Open Access
Detection and localization of faults in smart hybrid distributed generation systems: A Stockwell transform and artificial neural network‐based approach
Author(s) -
Lala Himadri,
Karmakar Subrata,
Ganguly Sanjib
Publication year - 2019
Publication title -
international transactions on electrical energy systems
Language(s) - English
Resource type - Journals
SCImago Journal Rank - 0.428
H-Index - 42
ISSN - 2050-7038
DOI - 10.1002/etep.2725
Subject(s) - artificial neural network , computer science , artificial intelligence , pattern recognition (psychology)
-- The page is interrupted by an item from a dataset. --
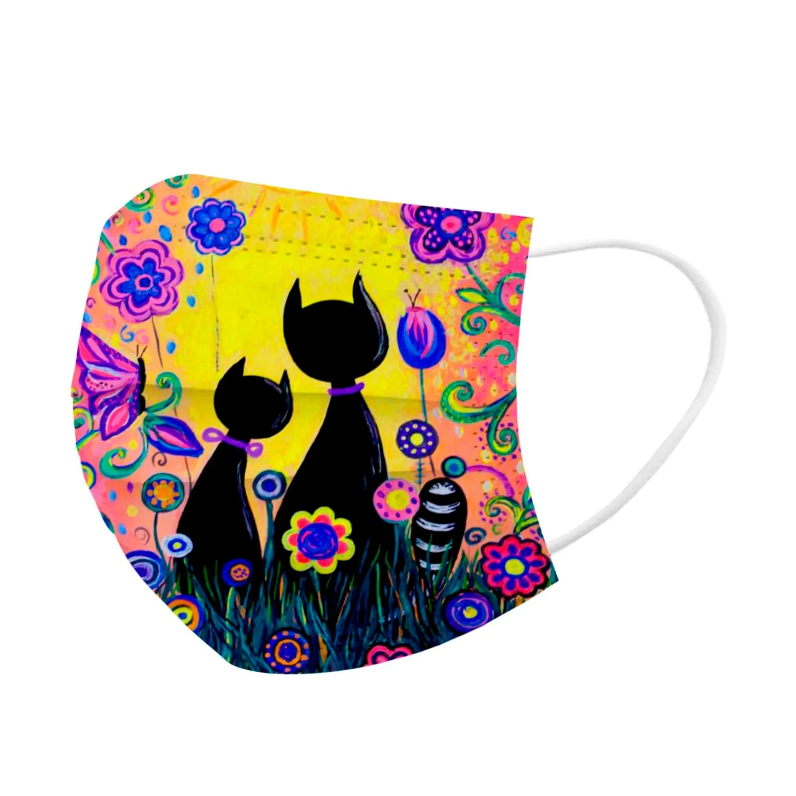 10 шт., одноразовые маски для лица с рисунком животных, кошек

Summary The paper presents a Stockwell transform (ST) and artificial neural network‐based approach for the detection and localization of faults in distribution systems considering the complexities of network architecture and the distributed generation (DG) integration. Firstly, a faulty‐line detection technique is developed based upon the total harmonic distortion of the fault current signal captured from the line ends. Then, the ST coefficients of the faulty signal are used as an attribute to classify the fault. Finally, the root‐mean‐square values calculated from the ST coefficients are used for the fault localization. The algorithm is tested on an IEEE 13‐bus unbalanced and a 52‐bus practical Indian balanced distribution system with DG. The results are compared with some existing algorithms. The comparisons and the test results show that the proposed technique can be a useful tool in detecting the faults in complicated fault scenarios.